» EXTRACTED INFORMATION

Content starts

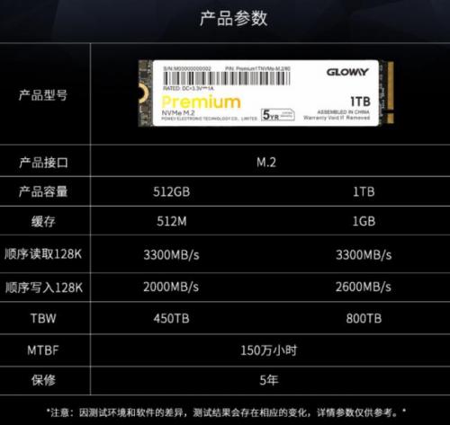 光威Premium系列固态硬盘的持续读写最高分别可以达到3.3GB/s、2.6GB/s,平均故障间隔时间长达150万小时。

Content ends
Content starts

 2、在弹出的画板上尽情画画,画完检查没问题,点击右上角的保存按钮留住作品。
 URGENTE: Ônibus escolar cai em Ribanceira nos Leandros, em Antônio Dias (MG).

Content ends

» TASK DIRECTIONS
All that is wanted is a faithful reproduction of the line above with "2、在弹出的画板上尽情画画,画完检查没问题,点击右上角的保存按钮留住作品。", the line with "URGENTE: Ônibus escolar", and every line in between.

» RESPONSE
 2、在弹出的画板上尽情画画,画完检查没问题,点击右上角的保存按钮留住作品。
 URGENTE: Ônibus escolar cai em Ribanceira nos Leandros, em Antônio Dias (MG).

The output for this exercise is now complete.